DATA EXTRACT: Begin

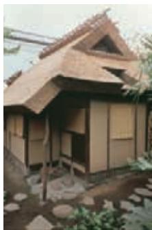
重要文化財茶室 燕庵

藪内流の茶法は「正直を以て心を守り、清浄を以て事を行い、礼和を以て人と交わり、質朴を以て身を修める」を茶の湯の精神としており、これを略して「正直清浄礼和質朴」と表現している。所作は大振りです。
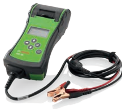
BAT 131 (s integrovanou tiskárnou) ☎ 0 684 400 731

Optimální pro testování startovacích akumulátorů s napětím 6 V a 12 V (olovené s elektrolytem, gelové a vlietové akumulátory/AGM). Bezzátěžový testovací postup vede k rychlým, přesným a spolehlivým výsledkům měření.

DATA EXTRACT: End

WHAT NEEDS TO BE DONE → An exact printout of the listing is needed, minus any pictures it contains.

RESPONSE AREA →
重要文化財茶室 燕庵

藪内流の茶法は「正直を以て心を守り、清浄を以て事を行い、礼和を以て人と交わり、質朴を以て身を修める」を茶の湯の精神としており、これを略して「正直清浄礼和質朴」と表現している。所作は大振りです。
BAT 131 (s integrovanou tiskárnou) ☎ 0 684 400 731

Optimální pro testování startovacích akumulátorů s napětím 6 V a 12 V (olovené s elektrolytem, gelové a vlietové akumulátory/AGM). Bezzátěžový testovací postup vede k rychlým, přesným a spolehlivým výsledkům měření.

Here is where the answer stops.